◆ **YOUR TASK**
Without the pictures, give every record again exactly.

[Records from a data source]
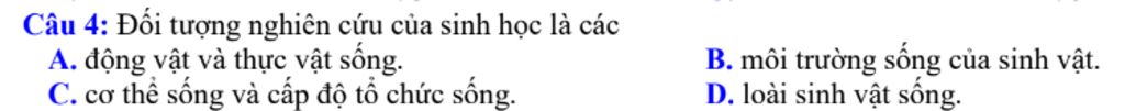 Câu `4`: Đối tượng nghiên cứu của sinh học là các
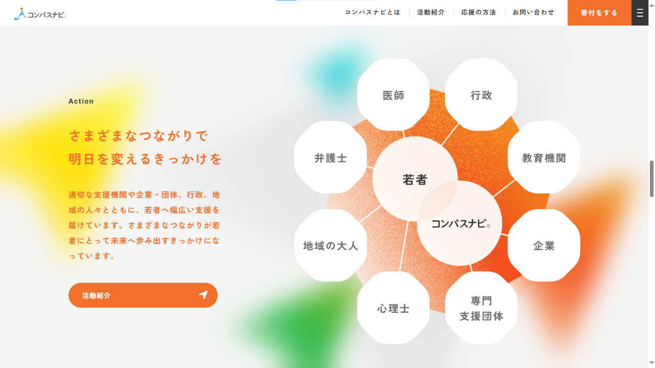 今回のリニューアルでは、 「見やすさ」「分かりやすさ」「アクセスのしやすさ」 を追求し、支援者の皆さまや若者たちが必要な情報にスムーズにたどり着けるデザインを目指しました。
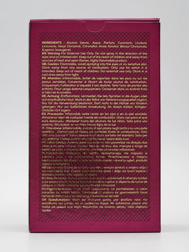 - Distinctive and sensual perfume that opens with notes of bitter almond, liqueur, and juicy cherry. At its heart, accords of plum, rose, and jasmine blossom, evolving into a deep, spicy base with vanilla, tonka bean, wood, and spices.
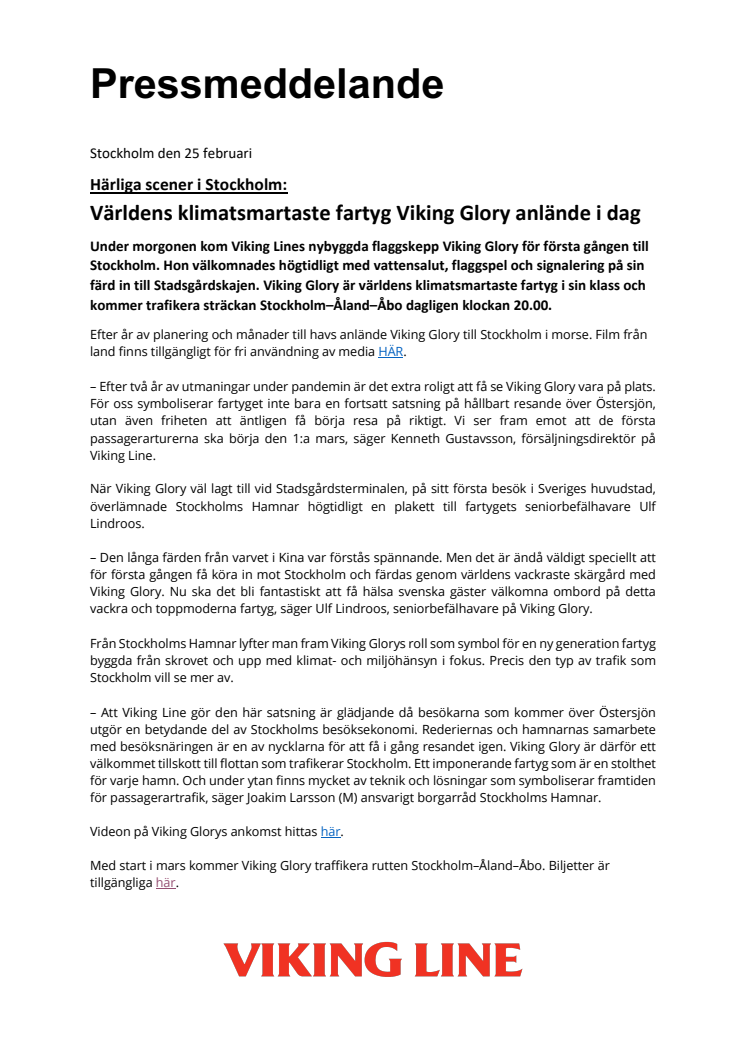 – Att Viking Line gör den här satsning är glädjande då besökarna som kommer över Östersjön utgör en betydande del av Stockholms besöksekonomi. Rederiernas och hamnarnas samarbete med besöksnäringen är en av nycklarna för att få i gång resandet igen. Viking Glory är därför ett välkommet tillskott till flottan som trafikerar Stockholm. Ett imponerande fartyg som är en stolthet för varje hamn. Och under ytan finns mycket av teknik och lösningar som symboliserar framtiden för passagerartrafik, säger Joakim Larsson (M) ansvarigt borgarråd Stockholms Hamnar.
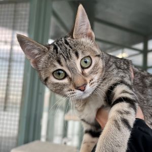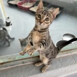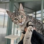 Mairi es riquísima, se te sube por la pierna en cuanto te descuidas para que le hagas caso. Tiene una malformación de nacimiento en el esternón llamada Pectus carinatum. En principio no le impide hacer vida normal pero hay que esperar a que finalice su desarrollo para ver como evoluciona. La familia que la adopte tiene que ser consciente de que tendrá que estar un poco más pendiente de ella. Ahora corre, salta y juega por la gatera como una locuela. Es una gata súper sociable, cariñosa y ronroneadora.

◆ **ANSWER SPACE**
 Câu `4`: Đối tượng nghiên cứu của sinh học là các
 今回のリニューアルでは、 「見やすさ」「分かりやすさ」「アクセスのしやすさ」 を追求し、支援者の皆さまや若者たちが必要な情報にスムーズにたどり着けるデザインを目指しました。
 - Distinctive and sensual perfume that opens with notes of bitter almond, liqueur, and juicy cherry. At its heart, accords of plum, rose, and jasmine blossom, evolving into a deep, spicy base with vanilla, tonka bean, wood, and spices.
 – Att Viking Line gör den här satsning är glädjande då besökarna som kommer över Östersjön utgör en betydande del av Stockholms besöksekonomi. Rederiernas och hamnarnas samarbete med besöksnäringen är en av nycklarna för att få i gång resandet igen. Viking Glory är därför ett välkommet tillskott till flottan som trafikerar Stockholm. Ett imponerande fartyg som är en stolthet för varje hamn. Och under ytan finns mycket av teknik och lösningar som symboliserar framtiden för passagerartrafik, säger Joakim Larsson (M) ansvarigt borgarråd Stockholms Hamnar.
 Mairi es riquísima, se te sube por la pierna en cuanto te descuidas para que le hagas caso. Tiene una malformación de nacimiento en el esternón llamada Pectus carinatum. En principio no le impide hacer vida normal pero hay que esperar a que finalice su desarrollo para ver como evoluciona. La familia que la adopte tiene que ser consciente de que tendrá que estar un poco más pendiente de ella. Ahora corre, salta y juega por la gatera como una locuela. Es una gata súper sociable, cariñosa y ronroneadora.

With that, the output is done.